Contratti della P.A. - Enti locali - Servizio pubblico - Acquisizione di una minima quota del capitale sociale di una società - Affidamento diretto - Illegittimità - Gara pubblica - Necessità.
Contratti della P.A. - Enti locali - Servizio pubblico - Società con partecipazione pubblica minoritaria - Affidamento diretto - Obbligo di puntuale e concreta motivazione - Sussiste.
L'acquisizione di una minima quota del capitale sociale di una società (nella specie, nella misura del 1 %), e in assenza di messi idonei al controllo della stessa, non può autorizzare l'ente locale (nella specie, una Comunità Montana) ad affidare direttamente alla suddetta società partecipata il servizio pubblico (nella specie, raccolta, smaltimento e trasporto di rifiuti solidi urbani), ma - alla luce dell'ordinamento comunitario nonché del T.U. 18 agosto 2000, n. 267 in materia di società con partecipazione minoritaria di enti pubblici - è necessario dar corso all’espletamento della gara pubblica preordinata al confronto concorrenziale.
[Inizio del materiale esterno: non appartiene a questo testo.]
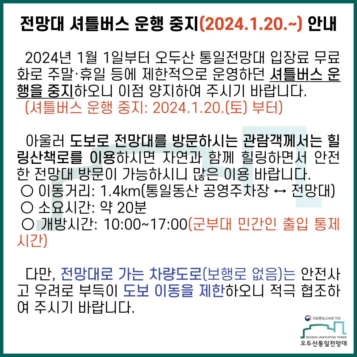 - 셔틀버스 이용 불가: 입장료 무료화로 셔틀 운행 중지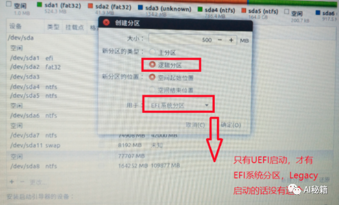 /boot:存放ubuntu内核,用来引导系统的,如果是Legacy启动就要设置引导,UEFI就不用设置这个(UEFI要设置EFI文件)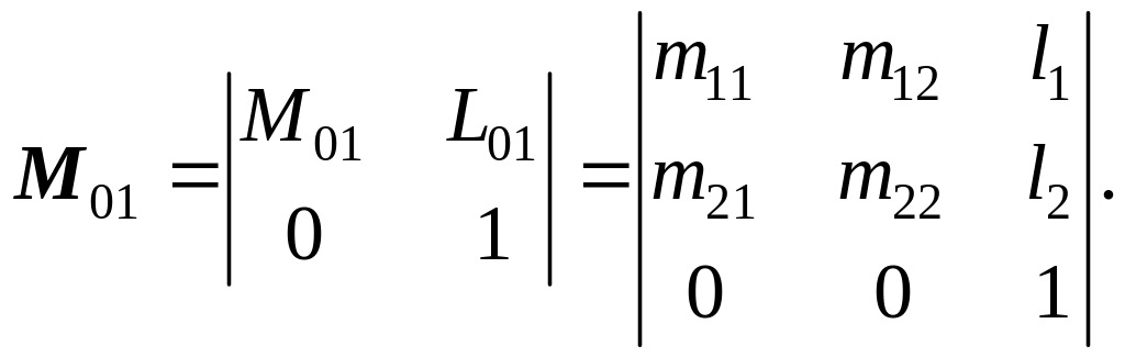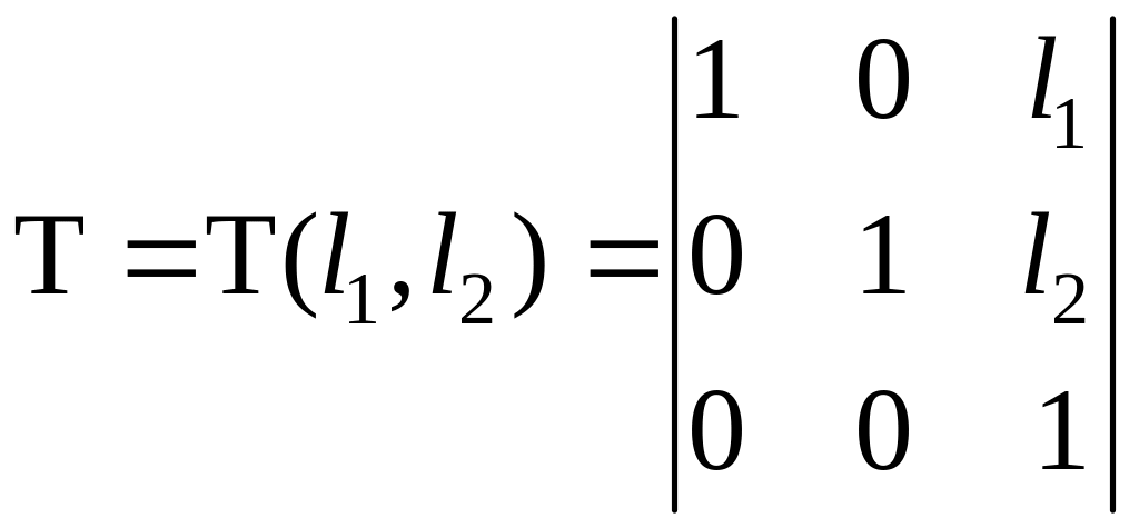 Рассматриваемую матрицу целесообразно выделить как типовую элементарную матрицу, задающую преобразование смещения и обозначать ее будем T или T(l1, l2) в зависимости от того, как это требуется из контекста, т.е.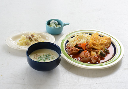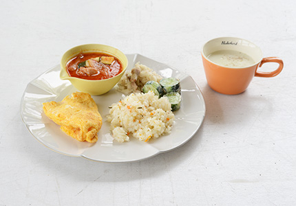 色鮮やかで、見た目も香りも爽やかな社食でした。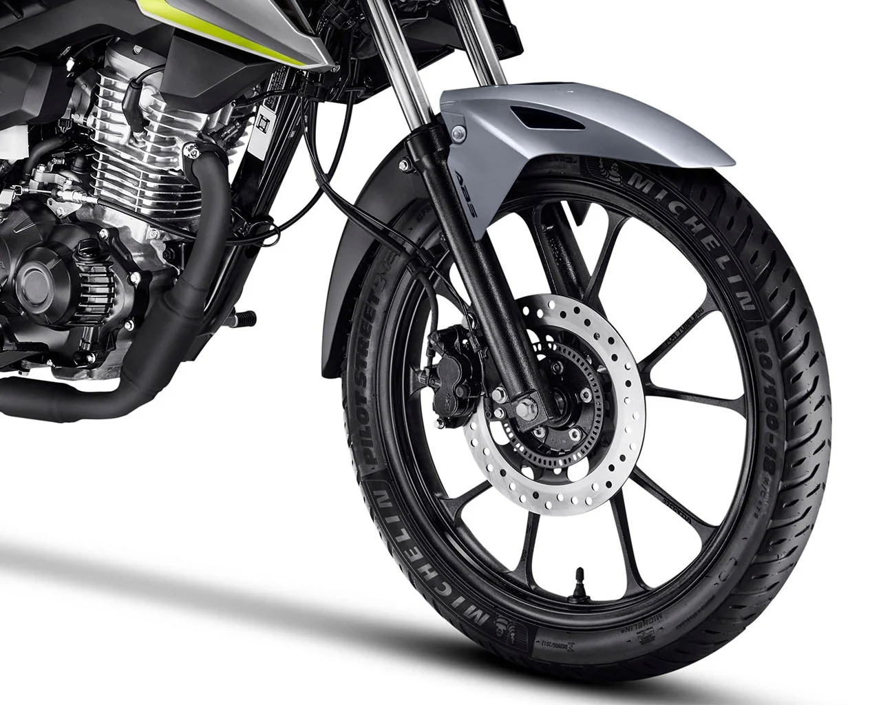 O freio a disco na roda dianteira da CG 160 Start oferece melhor controle em condições adversas e precisão de frenagem para o piloto.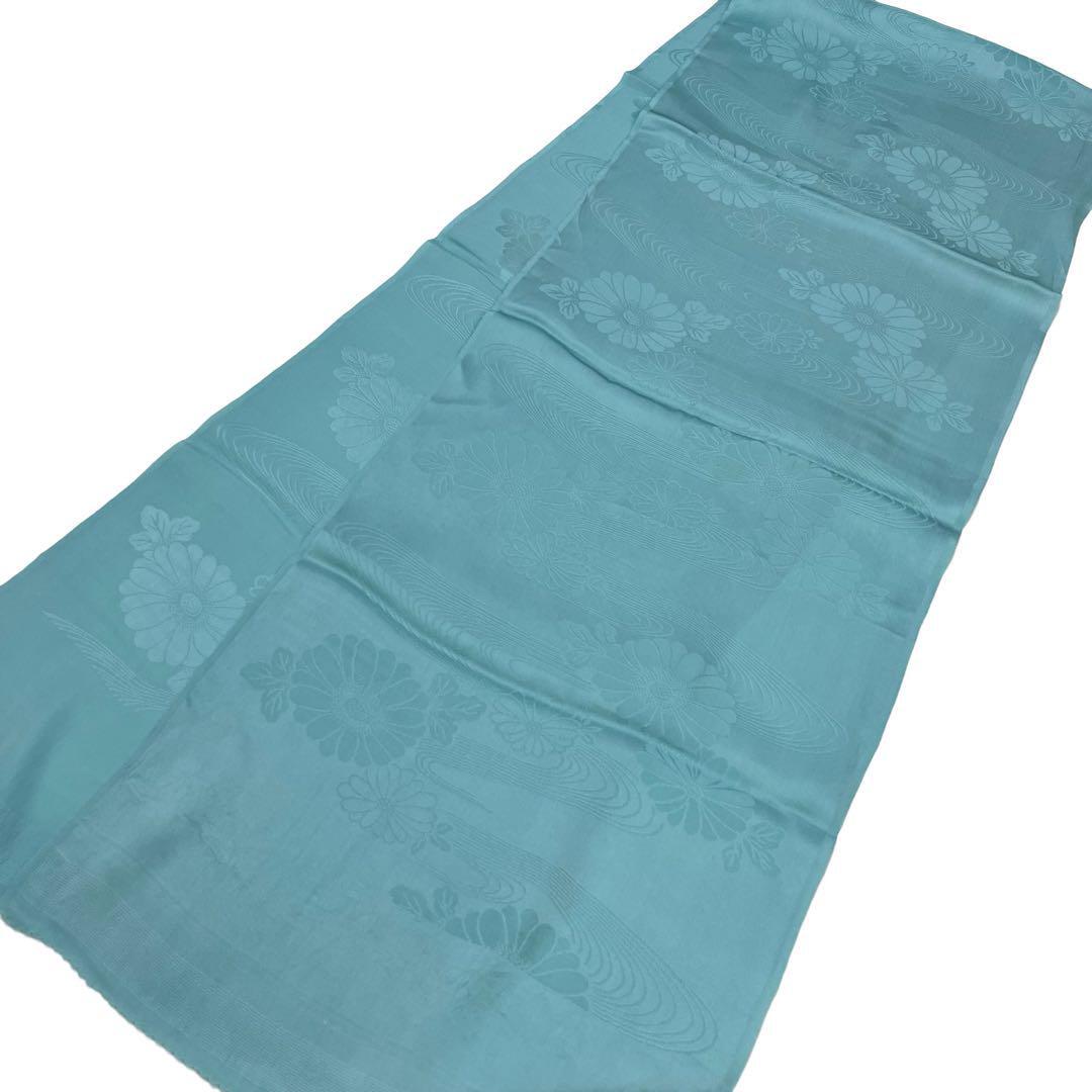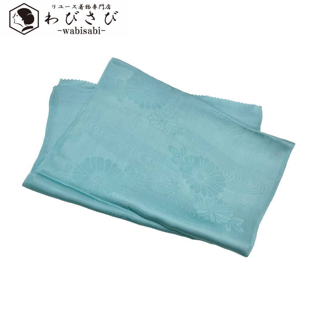 和装小物 帯揚げ 正絹 綸子 流水に菊の花模様 水色 C-5513 着物 きもの kimono 和服 和装 中古 リサイクル着物 【送料無料】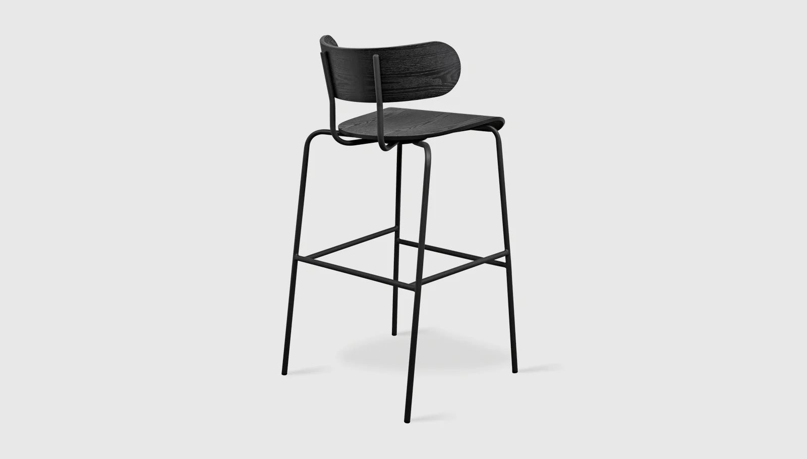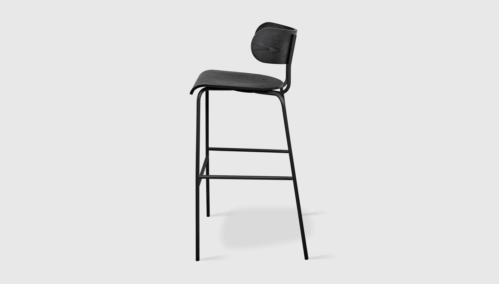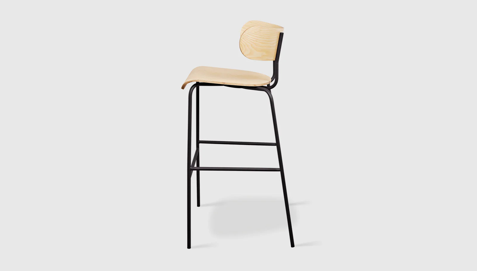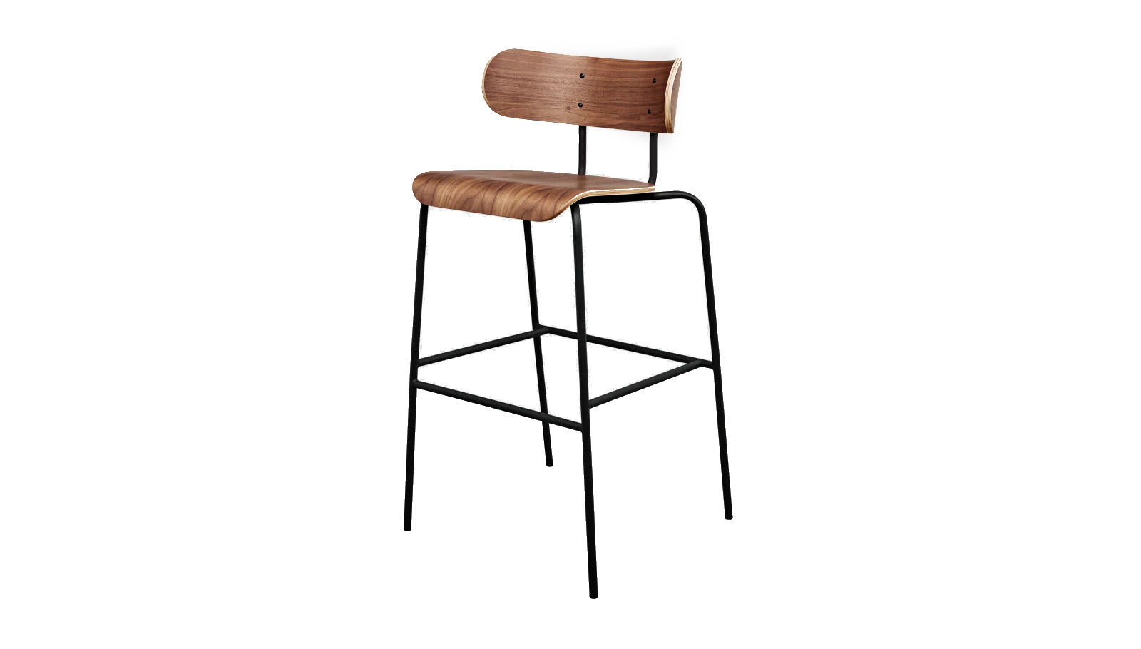 Blending a mid-century design approach with the ease of contemporary living, the Bantam Bar Stool embodies simple sophistication with a sculptural ethos that welcomes you to sit and stay awhile. Delicate steel legs support a formed-plywood seat and back that ergonomically support the body with gentle curves for all-day comfort. Sturdy, yet lightweight, this original design includes an integrated footrest for extra support.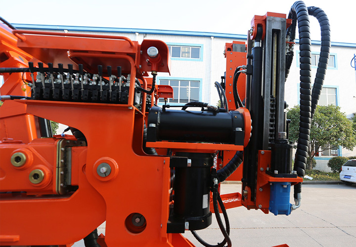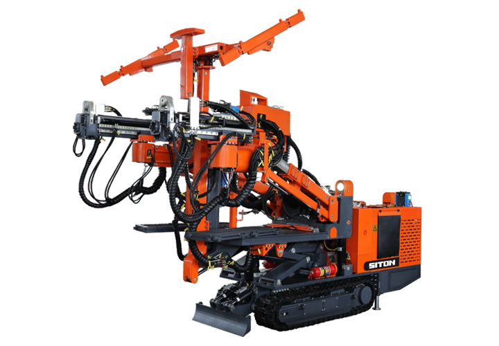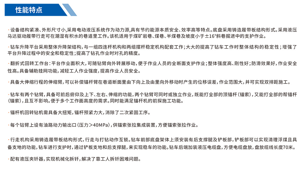 煤礦用液壓錨桿鉆車是我公司對掘進(jìn)工作面高度范圍3.5~4.8米的巷道而設(shè)計的,并且在結(jié)構(gòu)和功能上采用了整體升降的工作平臺,可以根據(jù)巷道高度情況通過平臺升降使作業(yè)人員進(jìn)行上下調(diào)整,從而很方便地實(shí)現(xiàn)巷道內(nèi)不同高度、不同角度錨桿錨索孔、炮眼孔、探測(探水、探瓦斯)孔的機(jī)械化作業(yè)施工。該設(shè)備具有鉆進(jìn)功能全面、安全性好、工作效率高、工人勞動強(qiáng)度低等特點(diǎn),尤其是工人在使用其進(jìn)行錨桿錨索支護(hù)作業(yè)時能大大縮短支護(hù)作業(yè)時間,提高支護(hù)效率和支護(hù)質(zhì)量。該設(shè)備結(jié)構(gòu)合理、機(jī)構(gòu)緊湊、運(yùn)轉(zhuǎn)靈活、操作方便,是實(shí)現(xiàn)目前國內(nèi)巷道掘進(jìn)支護(hù)快速。高效、機(jī)械化的首選裝備。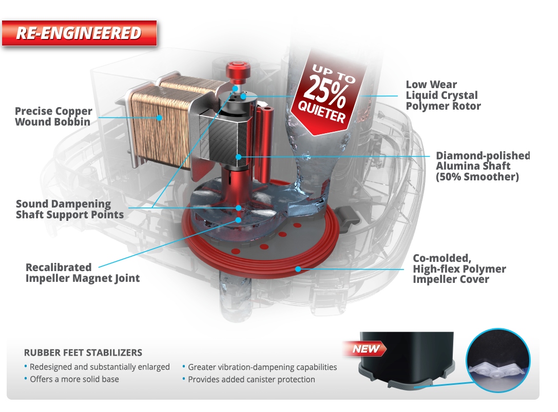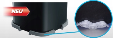 - Переглянуті та значно збільшені гумові стабілізатори ніжок забезпечують покращене гасіння вібрації та додатковий захист для контейнера фільтра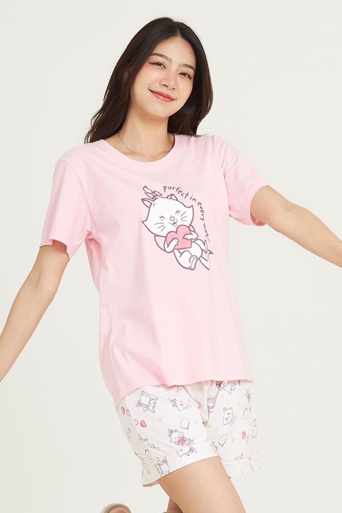 ชุดนอนผู้หญิง JOSILINS เซตเสื้อยืดขาสั้น Marie Purfect in Every Way สีโอรส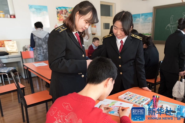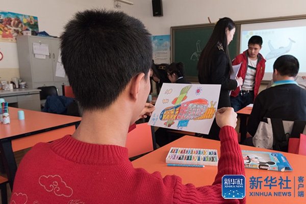 2017年3月31日,中国民航大学与天津河东启智学校共建“星星计划”公益实践基地,中航大学生志愿者引导孩子们画出自己心中的世界。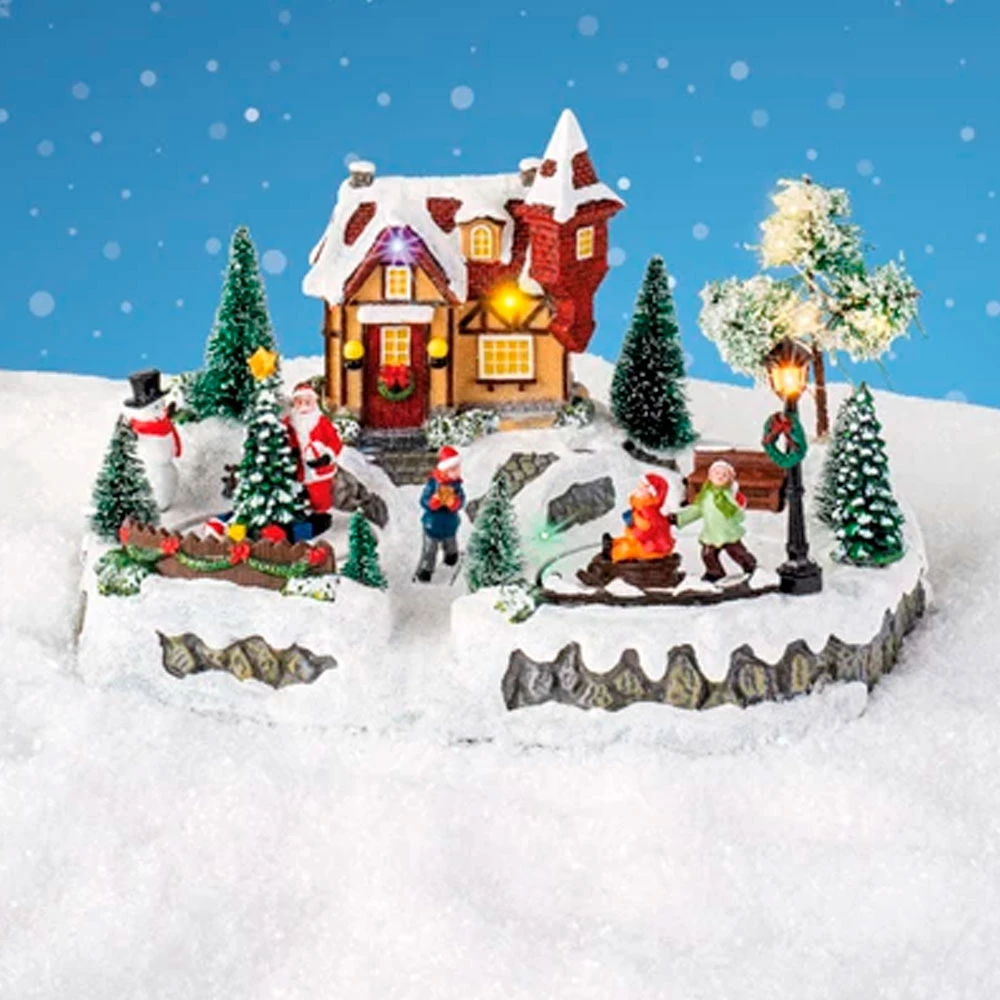 Il Villaggio Natalizio Bambini che Sciano Luci a LED 31 cm è una scenetta natalizia con luci a LED. Il Villaggio Natalizio Bambini che Sciano Luci a LED 31 cm dà subito un tocco di magia natalizia al tuo arredamento interno! Il Villaggio rappresenta un caseggiato con dei bambini che sciano, Babbo Natale e Alberi di Natale! Tutto il paesaggio è illuminato: i LED donano al villaggio la luminosità e i colori tipici del periodo natalizio!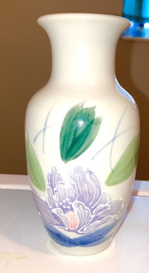- Vase Porcelain Orchid and water lily Art Hand Painted circa 1965 Japan Vintage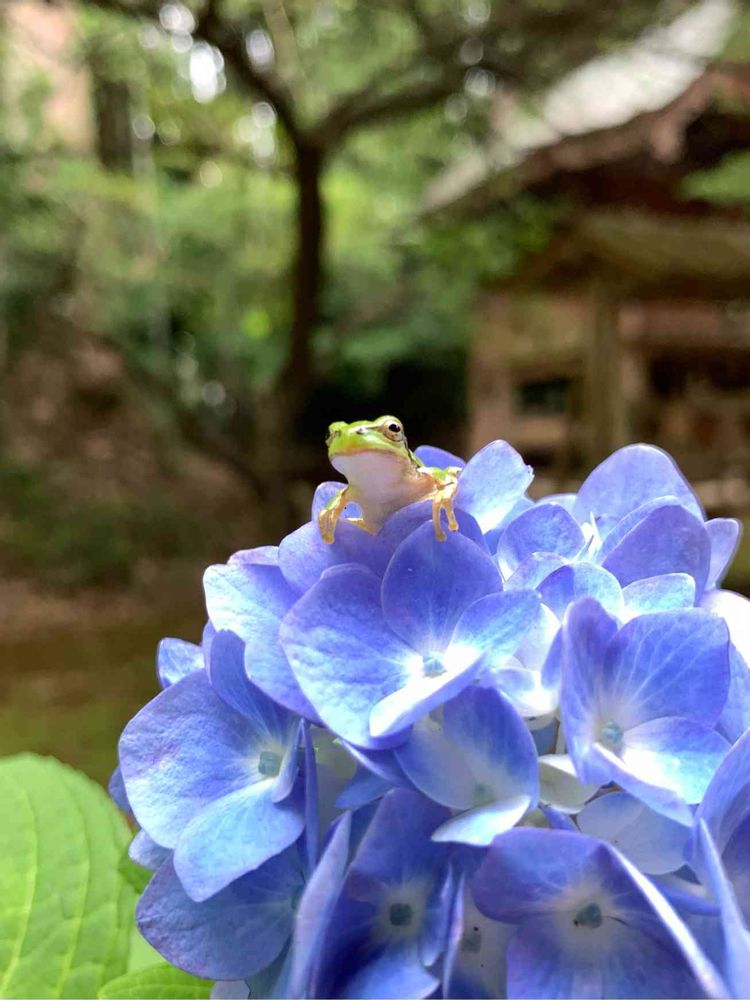 ここはお寺なのですが、近くに田んぼがあるのでそこからお散歩に来たカエルさんと思われます🐸
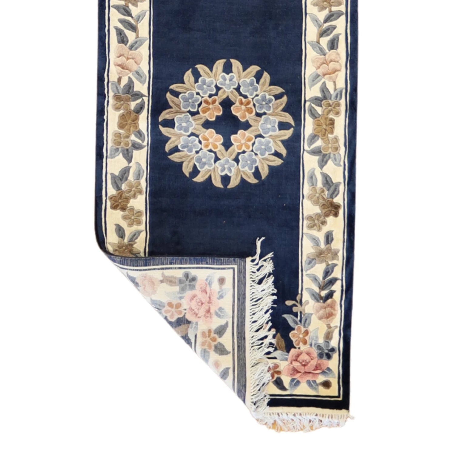 Bring style and flow to your space with this handcrafted CHINESE EUROPEAN runner rug, designed in a classic FLORAL style. Measuring approximately 2' x 2 ft, it's the perfect fit for hallways, entryways, kitchens, or alongside a bed.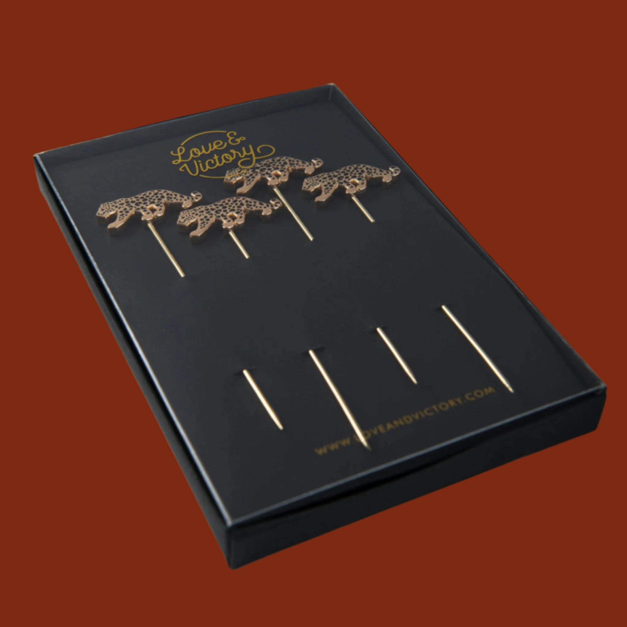 Leopard swizzlers to gussy up your drinks! An alluring set 4 of cocktail picks adorned with elegantly leaping leopards. Gold picks with black enamel finish, packaged in a swanky black box.

L'affidamento diretto di un servizio pubblico ad una società a partecipazione minoritaria pubblica, richiede, ai sensi dell'art. 3 L. 241/90, una puntuale e concreta motivazione in ordine alla ritenuta maggiore convenienza di siffatta scelta rispetto all’indizione di una pubblica gara.
FATTO
La società ricorrente, che svolge attività d’impresa nel settore dello smaltimento dei rifiuti solidi urbani, ha impugnato le deliberazioni dei Comuni indicati in epigrafe, aventi ad oggetto la partecipazione nella misura dell’1% nel capitale sociale della Società Servizi Tecnologici Comuni Se.T.CO., di delega alla Comunità Montana di rappresentanza in seno all’assemblea della società e di affidamento, senza gara od altra procedura concorsuale di evidenza pubblica, del servizio di igiene e smaltimento dei rifiuti in favore della SE.T.CO S.p.A per un periodo di cinque anni con decorrenza 16.7.2000.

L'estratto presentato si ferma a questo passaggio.